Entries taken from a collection
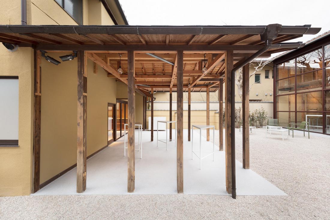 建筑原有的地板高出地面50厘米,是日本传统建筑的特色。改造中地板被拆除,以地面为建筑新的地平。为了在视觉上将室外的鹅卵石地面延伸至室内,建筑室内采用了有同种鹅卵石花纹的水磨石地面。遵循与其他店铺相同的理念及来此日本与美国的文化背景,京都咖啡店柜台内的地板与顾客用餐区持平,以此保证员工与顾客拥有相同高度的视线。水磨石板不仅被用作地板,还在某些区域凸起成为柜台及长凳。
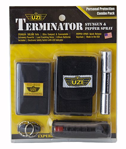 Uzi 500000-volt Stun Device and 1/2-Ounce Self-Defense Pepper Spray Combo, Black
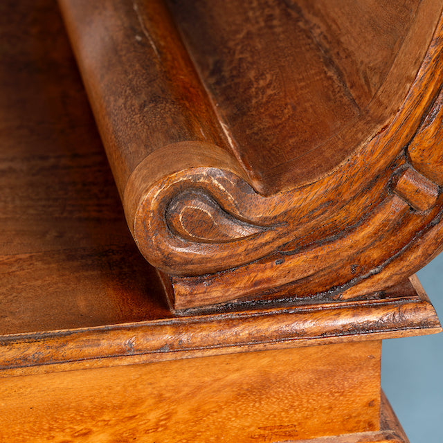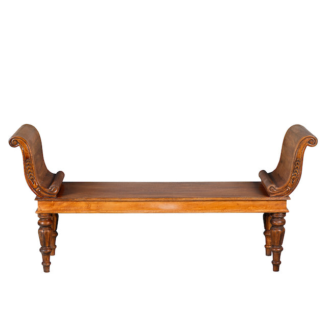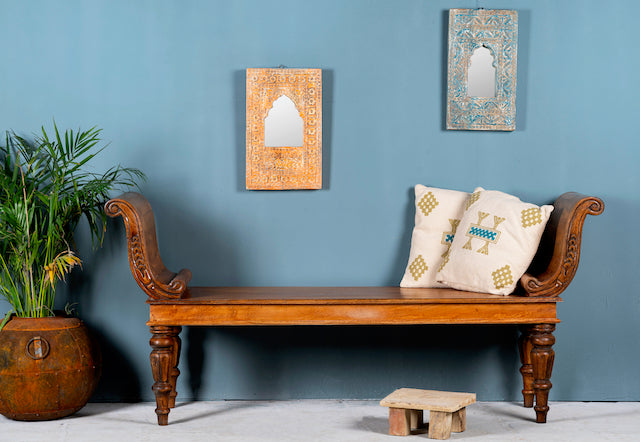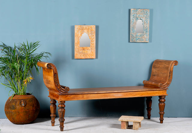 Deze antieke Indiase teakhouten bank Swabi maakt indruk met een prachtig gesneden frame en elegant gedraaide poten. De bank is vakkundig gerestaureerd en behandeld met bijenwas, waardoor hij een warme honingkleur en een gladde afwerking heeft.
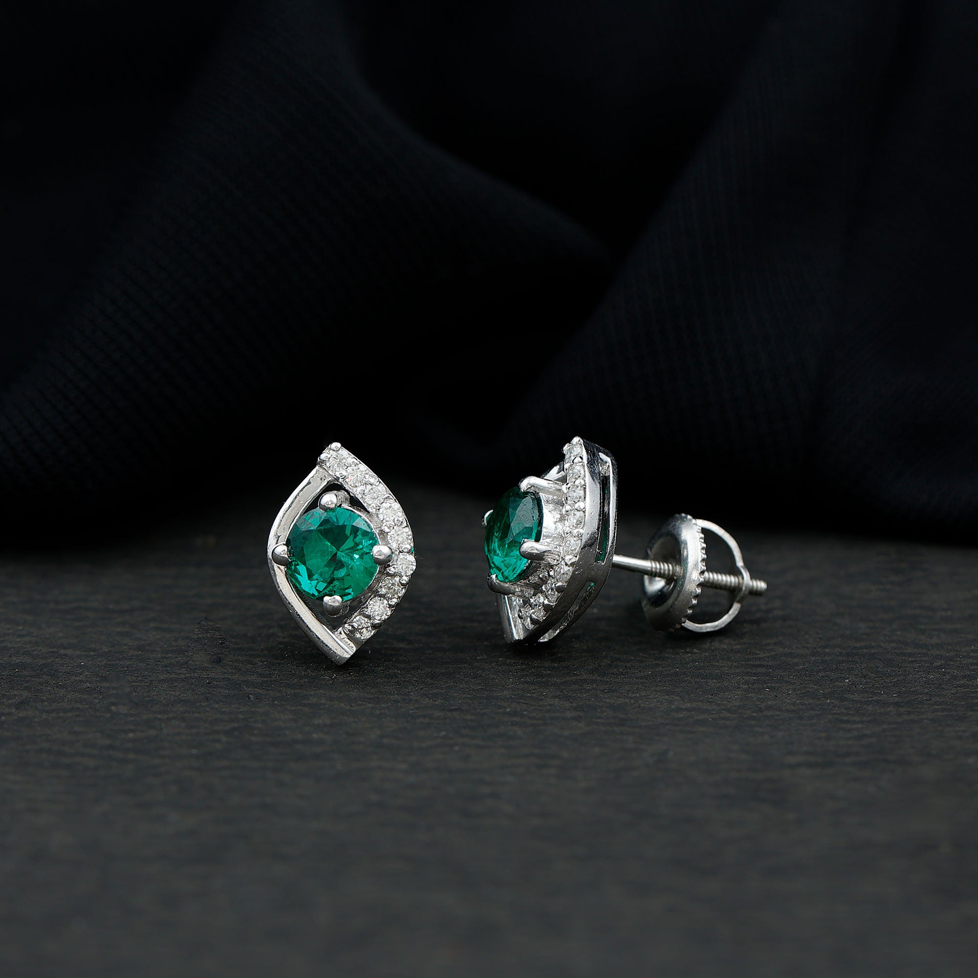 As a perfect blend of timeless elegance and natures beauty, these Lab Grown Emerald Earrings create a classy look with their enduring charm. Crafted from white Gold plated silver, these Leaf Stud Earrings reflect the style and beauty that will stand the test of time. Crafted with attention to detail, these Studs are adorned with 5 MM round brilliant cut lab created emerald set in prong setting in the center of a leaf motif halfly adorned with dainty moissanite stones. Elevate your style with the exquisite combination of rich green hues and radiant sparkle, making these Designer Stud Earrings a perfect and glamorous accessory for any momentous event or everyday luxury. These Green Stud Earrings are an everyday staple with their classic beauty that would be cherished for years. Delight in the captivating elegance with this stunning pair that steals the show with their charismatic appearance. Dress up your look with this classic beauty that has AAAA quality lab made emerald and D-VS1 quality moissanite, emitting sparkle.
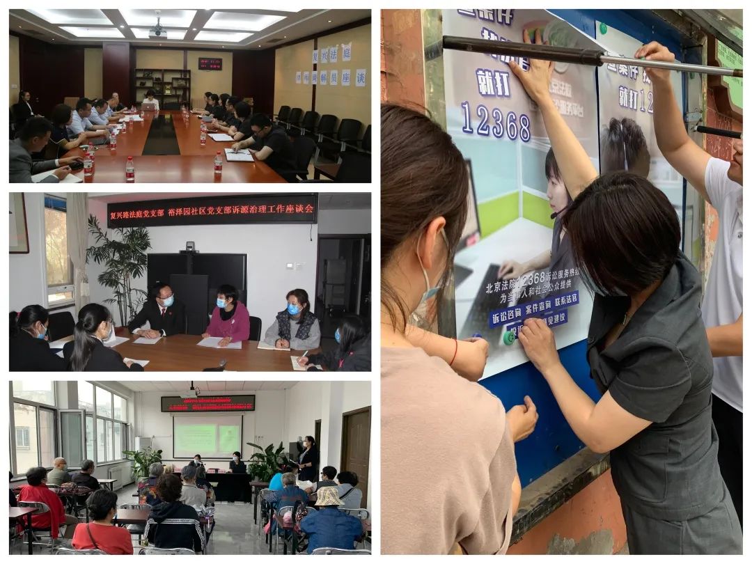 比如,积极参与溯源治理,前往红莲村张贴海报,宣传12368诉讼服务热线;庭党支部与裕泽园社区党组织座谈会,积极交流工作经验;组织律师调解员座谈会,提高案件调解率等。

▸ **Work to complete**:
Without the pictures, write out every entry precisely as it appears.

▸ **Answer**:
 建筑原有的地板高出地面50厘米,是日本传统建筑的特色。改造中地板被拆除,以地面为建筑新的地平。为了在视觉上将室外的鹅卵石地面延伸至室内,建筑室内采用了有同种鹅卵石花纹的水磨石地面。遵循与其他店铺相同的理念及来此日本与美国的文化背景,京都咖啡店柜台内的地板与顾客用餐区持平,以此保证员工与顾客拥有相同高度的视线。水磨石板不仅被用作地板,还在某些区域凸起成为柜台及长凳。
 Uzi 500000-volt Stun Device and 1/2-Ounce Self-Defense Pepper Spray Combo, Black
 Deze antieke Indiase teakhouten bank Swabi maakt indruk met een prachtig gesneden frame en elegant gedraaide poten. De bank is vakkundig gerestaureerd en behandeld met bijenwas, waardoor hij een warme honingkleur en een gladde afwerking heeft.
 As a perfect blend of timeless elegance and natures beauty, these Lab Grown Emerald Earrings create a classy look with their enduring charm. Crafted from white Gold plated silver, these Leaf Stud Earrings reflect the style and beauty that will stand the test of time. Crafted with attention to detail, these Studs are adorned with 5 MM round brilliant cut lab created emerald set in prong setting in the center of a leaf motif halfly adorned with dainty moissanite stones. Elevate your style with the exquisite combination of rich green hues and radiant sparkle, making these Designer Stud Earrings a perfect and glamorous accessory for any momentous event or everyday luxury. These Green Stud Earrings are an everyday staple with their classic beauty that would be cherished for years. Delight in the captivating elegance with this stunning pair that steals the show with their charismatic appearance. Dress up your look with this classic beauty that has AAAA quality lab made emerald and D-VS1 quality moissanite, emitting sparkle.
 比如,积极参与溯源治理,前往红莲村张贴海报,宣传12368诉讼服务热线;庭党支部与裕泽园社区党组织座谈会,积极交流工作经验;组织律师调解员座谈会,提高案件调解率等。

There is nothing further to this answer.